We can now add one method to wrap it nicely.
The parse()
method will be our entry point; it will call parse_value()
to get a Bencode value and then ensure that there’s no extra garbage in the input.
impl Parser {
pub fn parse(&mut self) -> Result<BValue, Error> {
let value = self.parse_value()?;
if self.eof() {
return Ok(value);
} else {
return Err(String::from("garbage at the end of the input string"));
}
}
}
And there we go, a complete parser in about 150 lines of simple, beginner-level code! No need for an extra dependency, no need to learn yet another API, no need to remember the intricacies of closures in Rust. Just plain old, boring code.
Pros and cons
Now, let’s talk about the pros and cons of writing your own parser by hand. This is computer science after all, which means that there’s no One Solution To Rule Them All, only trade-offs to be weighed. Let’s start with the cons.
- It’s easier to mess up. For example, we can make a mistake with
pos
and be pointing not exactly where we should be. Without good test coverage, a bug could lurk in a seldom-taken path and only appear in production. - No shared “parsing language” between projects. Everyone on the project needs to learn how this particular parser works; they don’t benefit (as much) from past experience.
- It takes more code. If we want to whip out a small parser in a couple minutes, the hand-written approach will require more code, more typing, and will likely take more time than using a parsing library.

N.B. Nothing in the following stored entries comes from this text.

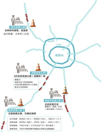 回成都如遇擁堵,交警建議,從瀘州、自貢出發(fā)回成都的車輛,可在成自瀘高速寶飛或仁壽站下高速,經(jīng)老成仁路返回成都;自貢、內江的車輛不一定非要來擠成自瀘,可選擇樂自、宜瀘、樂宜高速返回成都。如果成都站出站車流量大,可選擇大林站、興隆站,從老成仁路、雙流錦繡東山快速通道到成都。
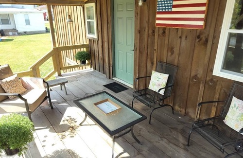 Welcome to the Cabin on Panther Lane. Built on the bones of a 1920's barn, the brand-new cabin is a one bedroom, one and one-half bath cozy, all wood, all electric delight. The covered front porch is spacious with mountain views. Parking is available at the front and back doors. The living/dining/kitchen space is a beautiful open area with an electric fireplace (for ambience or auxiliary heat) and smart television. The kitchen is fully equipped with a dishwasher, five-burner stove with a convection and air-fry oven, and full-size refrigerator. The bedroom has a queen-size bed. a workspace area and a closet, as well as a smart television. The cabin is equipped with wi-fi and internet. There are two sleeper chairs in the living area - great for the kids or extra guests. The full bath also serves as the laundry with a washer and dryer. The cabin is heated with an electric mini-split.
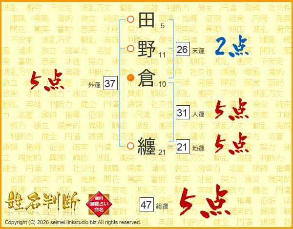 生活面を象徴する運勢です。外部から受ける影響力を表し、結婚運、家庭運や職場、環境への順応性を表します。総運から人運を引いた画数。姓や名が1文字の場合を除く。
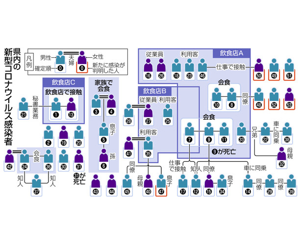 新型コロナウイルスの感染拡大で、福井市の八十代女性が五日、死亡した。県内二人目の死者。新たに七人の感染も確認され、計五十三人になった。感染拡大に歯止めがかからない状況になっている。
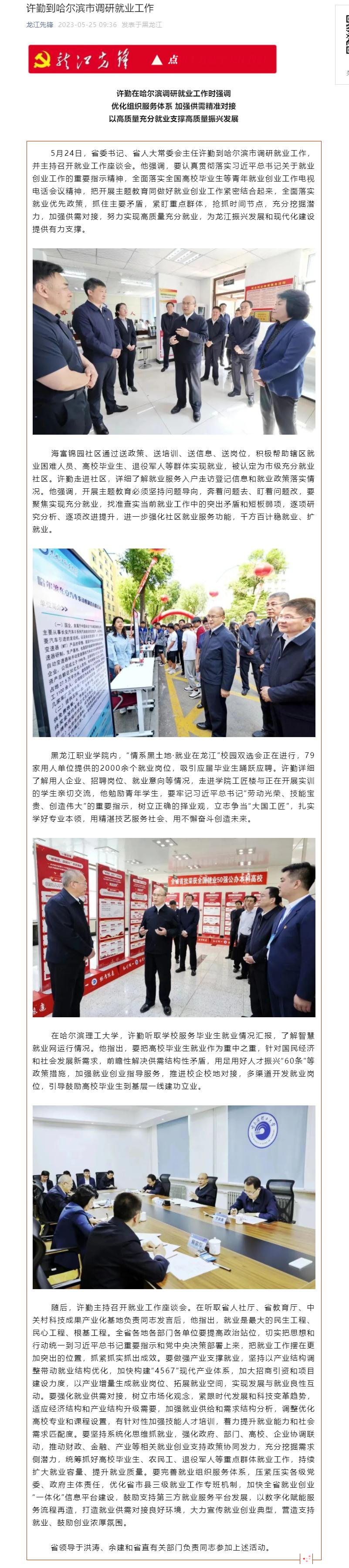 【龙江先锋】许勤到哈尔滨市调研就业工作

And the pros of the hand-written approach.
- Simpler code. As we saw, we only needed simple programming language features to build our Bencode parser. It’s not rare for parsing libraries to lean into more complex features, like closures, macros, traits, etc. This makes it easier for people to jump into the code (i.e., they don’t have to learn an external library) and it plays nicer with a debugger.
- Better error messages. One reason most production-level compilers have hand-written parsers is to give better error messages. When we can easily look at the state of the parser and have specific things for our language, it’s easier to give the user a clear message; in parsers generated by libraries, the error messages are often more generic and give less context.
- Performance. We didn’t spend one iota of energy in making our Bencode parser fast, but in my own tests, it runs about 3x faster than the nom-based parser.
- Fewer dependencies. Modern development relies very heavily on third-party libraries, with all the problems that can entail (e.g., left-pad). In Rust, extra dependencies can make the already-slow compile times even slower. Avoiding a third-party library avoids those extra liabilities.
Whether a hand-written parser or a library is preferable will depend on the project, but also on what you value.
Conclusion
You can see the whole parser in the Rust playground.
If you started reading this post thinking that parsing was difficult and needed specialized tools, I hope that this wall of text (and code) has helped you see that it’s actually much simpler and easier than it might appear. Of course, there are languages that are harder to parse than others and which will require more effort. Bencode was relatively easy, but other languages might require more involved techniques, e.g., if we can’t predict the next parsing method to call from just looking at the current byte, we may need to use a backtracking algorithm, which is harder, but in general, you’ll probably find that predictive, recursive-descent parser are more often applicable than they are insufficient.